Numerous studies have highlighted the impact of heterogeneous nuclear ribonucleoprotein (hnRNP) K as a key player in tumorigenesis (11,12). This multifunctional protein acts as a highly integrated docking platform for various signaling pathways and regulates the expression of target genes, as well as the translation of mRNA transcripts associated with cancer initiation and progression (12,13). High hnRNP K expression was repeatedly reported in various cancer tissues, including HNSCC, and linked to advanced tumor stage as well as enhanced invasiveness, increased propensity for metastasis and poor clinical outcome (14–19). Accordingly, it was reported that hnRNP K knockdown reduces the tumorigenic characteristics of multiple cancer cells (18).

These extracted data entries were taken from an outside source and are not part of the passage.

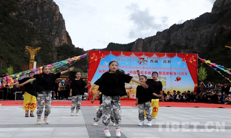 圖為昌都市崗?fù)墟?zhèn)小學(xué)生在豐收節(jié)表演舞蹈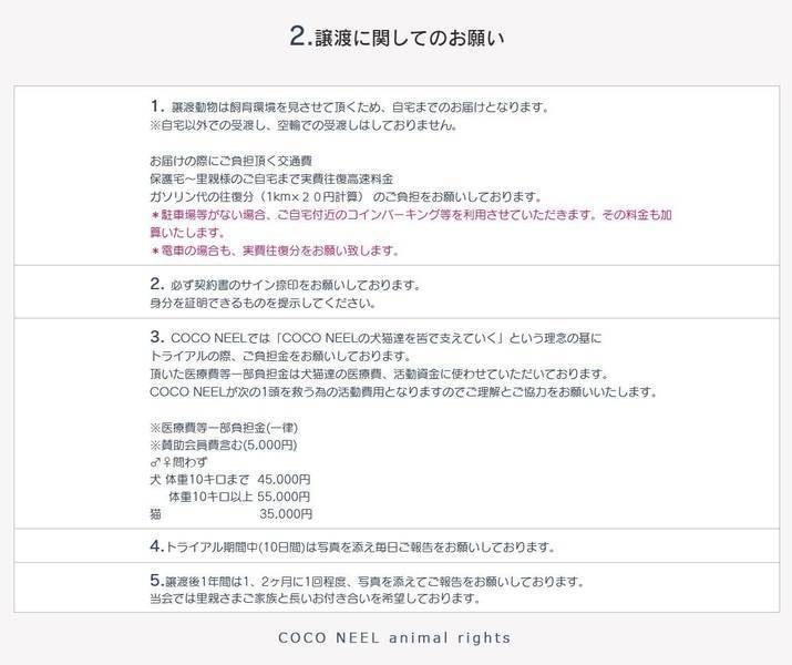 | 譲渡費用(医療費、交通費など) | 医療費、賛助会員費一律 45,000円 別途トライアルお届けの際の往復実費交通費をお願いしております。 |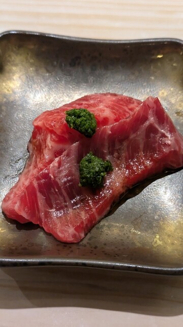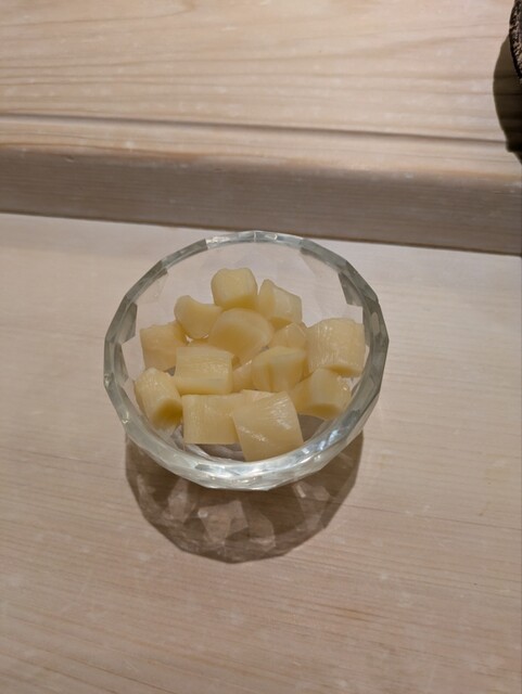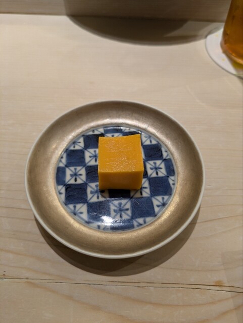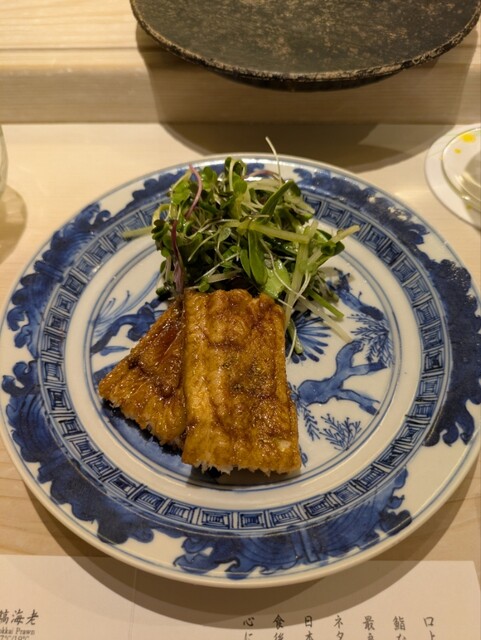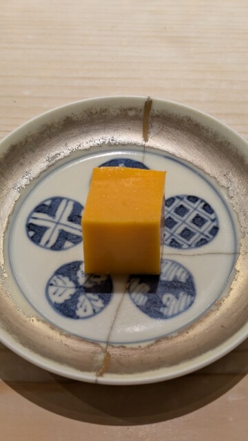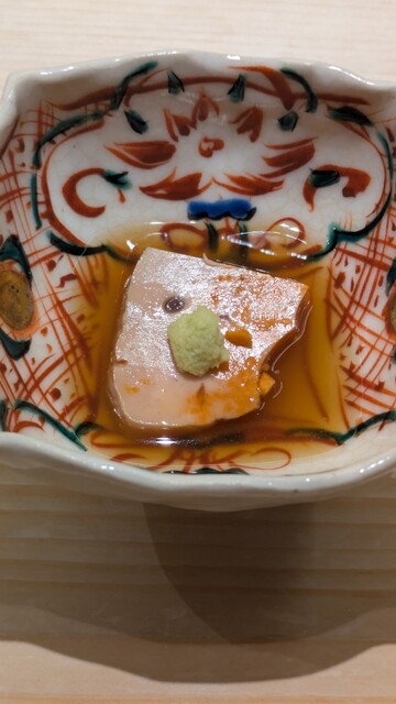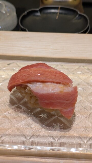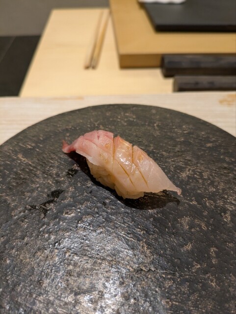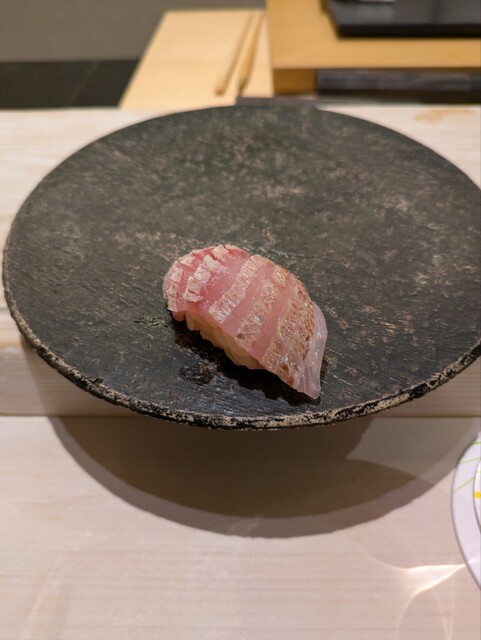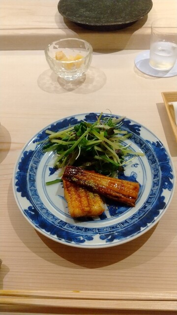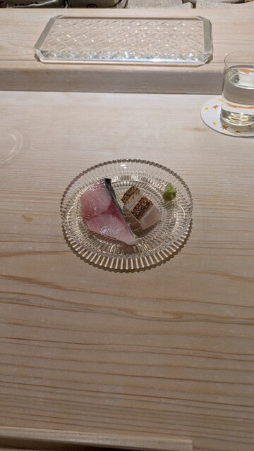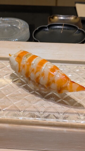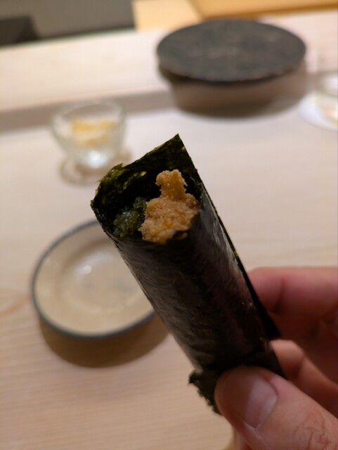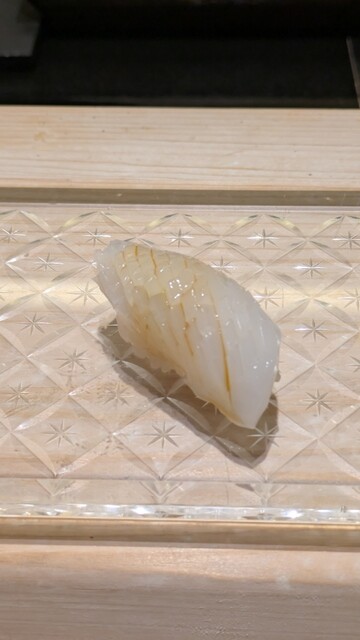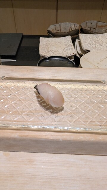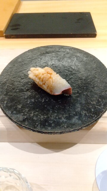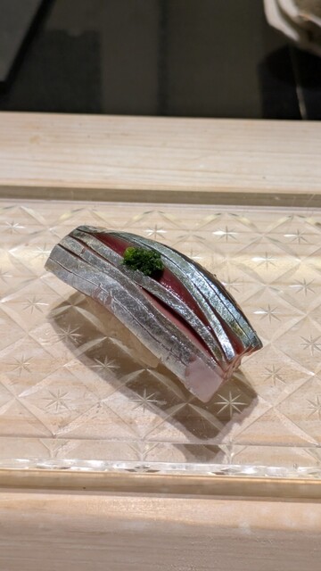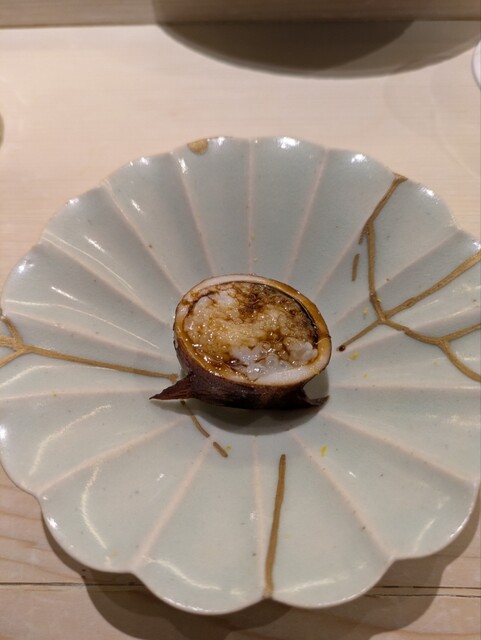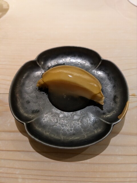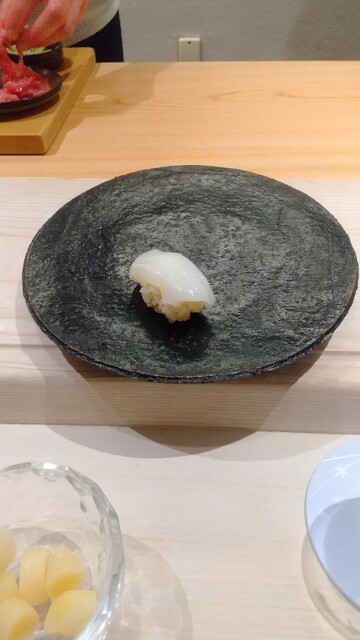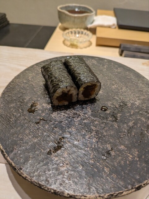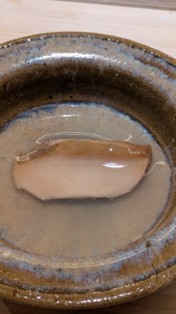 今回特に印象的だったのは生臭さが全くない生鯖と皮目を炙って香ばしさのついた笛鯛のお造り、いつもながら甘みの効いた出汁とキンキの脂が胃に染み渡るキンキの煮付け、海老の甘さ、みそと卵の旨味、殻の香ばしさが渾然一体となった牡丹海老の一皿、炭火?で焼かれた茄子の香ばしさが心地よく口に広がる焼き茄子の摺り流し、香ばしく焼かれた鰻と野菜が口の中で上手く調和する鰻の白焼き、帆立の出汁で炊かれた舎利の香ばしさと帆立の身の甘さが新しい味を作り出していた焼き寿司、薬味が魚の身の旨味を引き立てて思わず声が出るほどだった秋刀魚と鰯、焼かれた皮目の香りと塩が身の旨味を引き立てていた鰹、温度調整のおかげでとろける食感が最大限引き出された大トロ、崩れる程柔らかく煮上げられた穴子と甘めのツメを柚子の香りが引き締めてくれた穴子などでした(*´ω`*)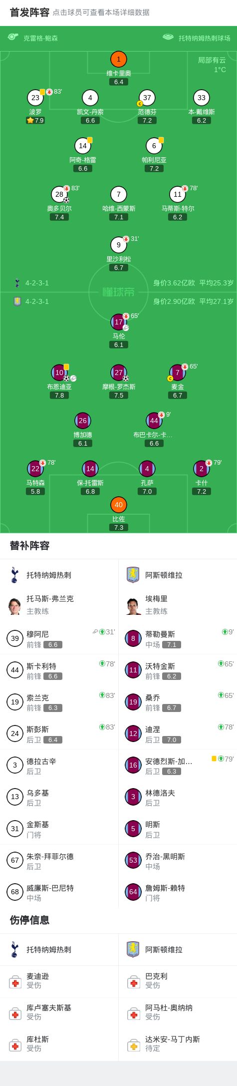 第45+3分钟,布恩迪亚脚后跟做球,罗杰斯破门,维拉2-0热刺

Furthermore, hnRNP K represents a crucial co-factor for the p53-mediated DNA damage repair (DDR) upon exposure to IR. DNA damage finally results in the upregulation of transcripts for p53 target genes in a p53/hnRNP K-codependent manner (20). As a typical consequence, IR-induced arrest of cell cycle progression at the G1 or G2 phase is mediated by the p53/hnRNP K target proteins p21 or 14-3-3σ, respectively (21).
Finally, hnRNP K has been shown to be indispensable for an effective cellular IR-induced DDR in various cell models, including HNSCC (22,23).
Interestingly, a recent proteomic study in HNSCC cells revealed increased cellular hnRNP K levels in response to IR, whereas hnRNP K knockdown impaired HNSCC cell migration, which is a prerequisite for metastasis (24).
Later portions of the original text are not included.